[Rezension] George Orwell - Die Farm der Tiere

Rückentext:
"Seit Gullivers Reisen ist keine Parabel geschrieben worden, die es an Tiefe und beissendem Spott mit der Farm der Tiere aufnehmen kann." - Arthur Koestler

Meine Meinung: 
Kurz vor seinem Tod ruft das Schwein Major alle Tiere der Farm, die Mister Jones gehört, zusammen, um ihnen eine wichtige Mitteilung zu machen: Es ist Zeit für eine Revolution! Die Tiere sollen nicht länger unter dem Menschen zu leiden haben. Sie sollen endlich wieder nur für sich selber arbeiten und nicht für die gefrässigen und egoistischen Menschen.

Nach Majors Tod wird dieser Plan auch in die Tat umgesetzt. Angeführt von den Ebern Schneeball und Napoleon wird Jones von der Farm gejagt und die Revolution für erfolgreich erklärt. Endlich sind die Tiere selbstständig! Es werden sieben Gebote aufgestellt und ehrenvoll das Lied "Tiere von England" gesungen.
Allen voran tun sich die Schweine heraus, die sogar lesen und schreiben gelernt haben.

Grosse Freude herrscht nun auf der Farm, denn endlich dürfen die Tiere wieder Tiere sein und sind selbstständig für die Farm zuständig. Obwohl die verfeindeten Nachbarfarmen und überhaupt alle Menschen in England der Farm keine Chance geben, scheint die Farm unter Leitung der Schweine zu gedeihen und die Tiere sind sehr glücklich mit ihrem neuen Leben.

Doch schon bald beginnen die Schweine ihre Vormachtsposition auszunutzen. Es beginnt harmlos, indem die Schweine die Milch der Kühe für sich selber beanspruchen. Doch ihr Machtanspruch wächst und wächst. Die beiden Eber Schneeball und Napoleon zerstreiten sich und Schneeball wird von der Farm gejagt. Von nun an hat Napoleon das sagen.
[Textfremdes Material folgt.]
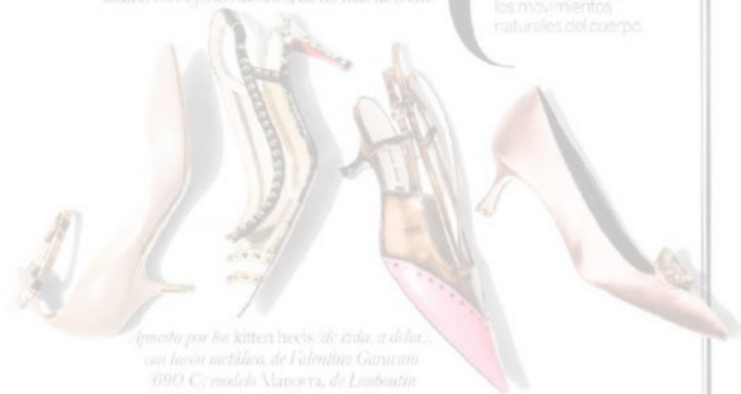
Ajunta por los kitten heels: de izda. a dcha., con tacón metálico, de Valentino Garavani (690 €); modelo Manóvra, de Louboutin (675 €); bicolor, de Mia Miu (430 €); y modelo Harast, de Manolo Blahnik (690 €).
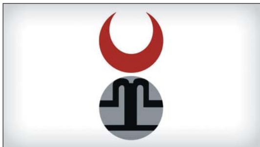
Рис. 3. Фото со стены в группе «Татары и татарочки» от 2 апреля 2014 г. «Алтын Урда байрагы / Флаг Золотой Орды». – URL: https://vk.com/wall-1777_281744 (дата обращения: 1.09.2016)

Und was Napoleon will ist, im Gegensatz zu seinem Leitspruch, dass er alles was er tut in den Dienst der Tiere stellt, rein eigennützig. Bald schon schlafen die Schweine im Bett von Jones, während die anderen Farmtiere weiterhin hart und mühselig an der Errichtung eines Turmes für den Windmotor arbeiten. Doch schliesslich ist dieses Leben immer noch besser, als das Leben, das sie unter Jones zu führen hatten. Leider erinnert sich bald keines der Tiere mehr, wie es früher war. Und so können die Schweine weiterhin ihre Macht spielen lassen, werden dadurch jedoch menschlicher als jeder Mensch...
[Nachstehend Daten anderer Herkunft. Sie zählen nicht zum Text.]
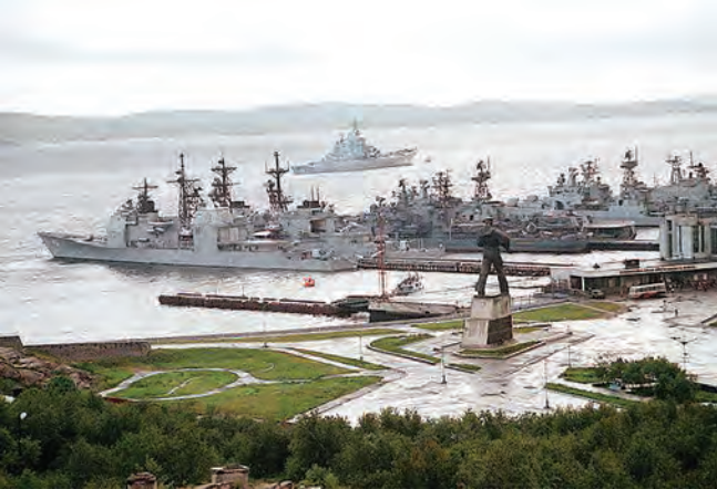
俄罗斯北莫尔斯克：北方舰队总司令部。

George Orwell's "Farm der Tiere" ist längst ein moderner Klassiker geworden, in Schulen wird er im Deutsch- und Englischunterricht vorgesetzt und das Buch erscheint immer wieder in neuen Auflagen. Doch haben wir auch begriffen, was uns Orwell durch dieses Buch sagen wollte?
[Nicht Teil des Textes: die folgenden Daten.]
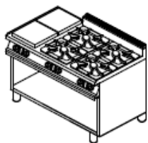
2 elektrika, 4 plin, spodaj odprto

Na razpolago termični elementi linij 600, 700 in 900!
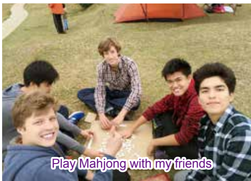
Play Mahjong with my friends

Während die Farmtiere weiter ihr strenges Leben leben, lassen es sich die Schweine auf Kosten der Anderen gut gehen. Dies ist leider ein sehr bekanntes Bild aus unserer heutigen Gesellschaft. Das Verhalten der Schweine zeigt sehr eindrücklich, wie man jede neue Idee für seine eigenen Zwecke missbrauchen kann. Und dass die Opfer selten überhaupt realisieren, dass sie zu Opfern ihrer eigenen Revolution geworden sind.

Im Verlauf der Geschichte eigenen sich die Schweine immer mehr Eigenschaften des Menschen an, bis sie nicht mehr von jenen zu unterscheiden sind. Doch dies war nicht Majors Gedanke, als er damals, vor vielen vielen Jahren, die Tiere zur Revolution aufrief...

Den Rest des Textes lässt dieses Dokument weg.